**Work instructions:** Word for word, transcribe the listing that follows, minus any pictures.

**Recorded data:**
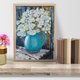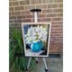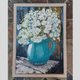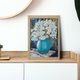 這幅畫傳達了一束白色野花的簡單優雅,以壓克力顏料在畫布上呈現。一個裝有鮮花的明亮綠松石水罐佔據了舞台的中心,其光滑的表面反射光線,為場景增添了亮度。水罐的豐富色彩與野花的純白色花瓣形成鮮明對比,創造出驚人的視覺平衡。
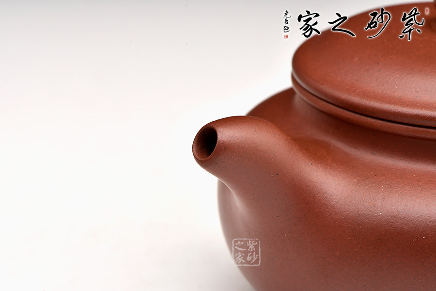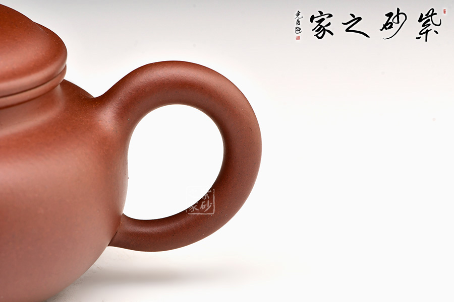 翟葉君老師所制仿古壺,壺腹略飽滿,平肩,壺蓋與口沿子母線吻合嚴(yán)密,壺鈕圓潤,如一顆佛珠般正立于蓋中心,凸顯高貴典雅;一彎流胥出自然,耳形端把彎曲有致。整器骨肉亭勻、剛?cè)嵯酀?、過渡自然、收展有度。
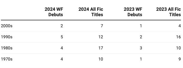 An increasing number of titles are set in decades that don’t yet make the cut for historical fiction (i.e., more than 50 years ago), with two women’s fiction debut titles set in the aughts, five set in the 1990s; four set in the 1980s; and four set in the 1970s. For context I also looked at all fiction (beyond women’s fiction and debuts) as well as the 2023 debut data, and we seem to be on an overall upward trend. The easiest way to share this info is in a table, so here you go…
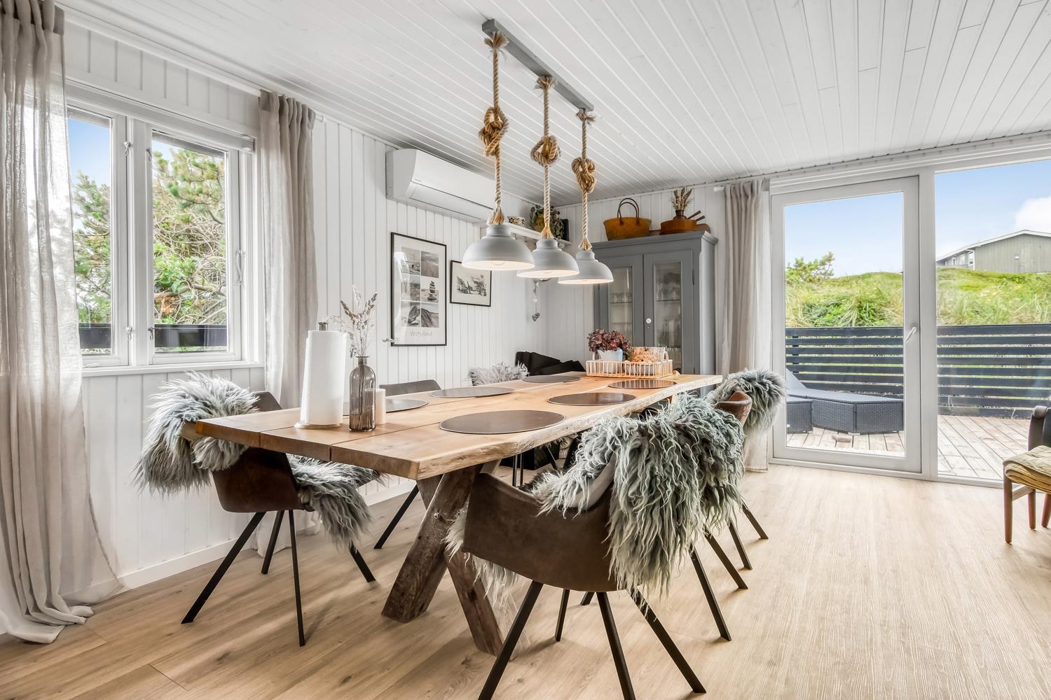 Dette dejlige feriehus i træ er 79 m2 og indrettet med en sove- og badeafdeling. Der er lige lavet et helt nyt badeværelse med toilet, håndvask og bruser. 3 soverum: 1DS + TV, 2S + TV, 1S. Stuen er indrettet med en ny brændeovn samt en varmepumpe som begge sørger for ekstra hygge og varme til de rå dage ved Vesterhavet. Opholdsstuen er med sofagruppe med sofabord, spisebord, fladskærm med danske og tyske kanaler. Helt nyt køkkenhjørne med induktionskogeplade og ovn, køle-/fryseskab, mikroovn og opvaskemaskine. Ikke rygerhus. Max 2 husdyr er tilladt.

**Answer to the problem:**
 這幅畫傳達了一束白色野花的簡單優雅,以壓克力顏料在畫布上呈現。一個裝有鮮花的明亮綠松石水罐佔據了舞台的中心,其光滑的表面反射光線,為場景增添了亮度。水罐的豐富色彩與野花的純白色花瓣形成鮮明對比,創造出驚人的視覺平衡。
 翟葉君老師所制仿古壺,壺腹略飽滿,平肩,壺蓋與口沿子母線吻合嚴(yán)密,壺鈕圓潤,如一顆佛珠般正立于蓋中心,凸顯高貴典雅;一彎流胥出自然,耳形端把彎曲有致。整器骨肉亭勻、剛?cè)嵯酀?、過渡自然、收展有度。
 An increasing number of titles are set in decades that don’t yet make the cut for historical fiction (i.e., more than 50 years ago), with two women’s fiction debut titles set in the aughts, five set in the 1990s; four set in the 1980s; and four set in the 1970s. For context I also looked at all fiction (beyond women’s fiction and debuts) as well as the 2023 debut data, and we seem to be on an overall upward trend. The easiest way to share this info is in a table, so here you go…
 Dette dejlige feriehus i træ er 79 m2 og indrettet med en sove- og badeafdeling. Der er lige lavet et helt nyt badeværelse med toilet, håndvask og bruser. 3 soverum: 1DS + TV, 2S + TV, 1S. Stuen er indrettet med en ny brændeovn samt en varmepumpe som begge sørger for ekstra hygge og varme til de rå dage ved Vesterhavet. Opholdsstuen er med sofagruppe med sofabord, spisebord, fladskærm med danske og tyske kanaler. Helt nyt køkkenhjørne med induktionskogeplade og ovn, køle-/fryseskab, mikroovn og opvaskemaskine. Ikke rygerhus. Max 2 husdyr er tilladt.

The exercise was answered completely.